A bioinformatics best-practice analysis pipeline for the analysis of shallow whole genome sequencing (sWGS) data for the identification of copy number alterations (CNAs).

Basic Info
  • Host: GitHub
  • Owner: DIncalciLab
  • License: mit
  • Language: Nextflow
  • Default Branch: master
  • Homepage:
  • Size: 4.01 MB
Statistics
  • Stars: 13
  • Watchers: 2
  • Forks: 0
  • Open Issues: 16
  • Releases: 14
Topics
bioinformatics bioinformatics-pipeline nextflow nextflow-pipeline
Created almost 3 years ago · Last pushed 7 months ago
Metadata Files
Readme Changelog Contributing License Citation

README.md

SAMURAI: Shallow Analysis of Copy nuMber alterations Using a Reproducible And Integrated bioinformatics pipeline

戦の勝負は、将と士卒の気によるのみなり。

(The outcome of the battle depends on the spirit of the commander and the men.)

Minamoto no Yoshitsune (1159-1189)

Introduction

SAMURAI is a bioinformatics best-practice analysis pipeline for the analysis of shallow whole genome sequencing (sWGS) data for the identification of copy number alterations (CNAs). It supports a number of workflows depending on the nature of the samples (coming from tissues or other biological fluids like plasma). While it was developed with cancer studies in mind, it is applicable to any field where DNA alterations need to be studied.

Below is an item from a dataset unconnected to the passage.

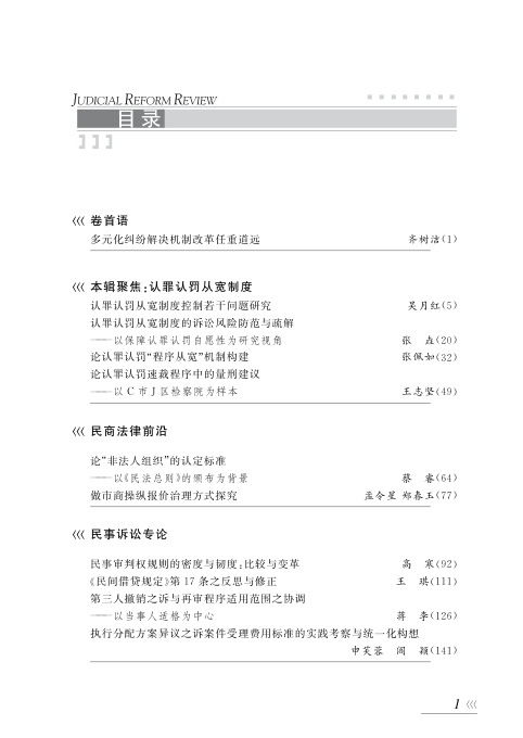 本辑《司法改革论评》以“认罪认罚从宽制度”为核心专题,深入探讨其程序构建、自愿性保障与量刑建议等关键问题,兼具理论深度与实证分析。同时涵盖民商法前沿、民事诉讼专论、司法制度研究及刑事、经济、宪法行政法等多个领域,内容扎实,视角多元。卷首语回顾五年来我国多元化纠纷解决机制的改革进程,梳理中央政策与地方实践成果,展现ADR发展的广阔前景。本书适合法学研究者、司法实务工作者及对司法改革感兴趣的读者,是了解当前中国司法制度演进的重要参考。

The pipeline is built using Nextflow, a workflow tool to run tasks across multiple compute infrastructures in a very portable manner. It uses Docker/Singularity containers making installation trivial and results highly reproducible. The Nextflow DSL2 implementation of this pipeline uses one container per process which makes it much easier to maintain and update software dependencies. Where possible, these processes have been submitted to and installed from nf-core/modules in order to make them available to all nf-core pipelines, and to everyone within the Nextflow community!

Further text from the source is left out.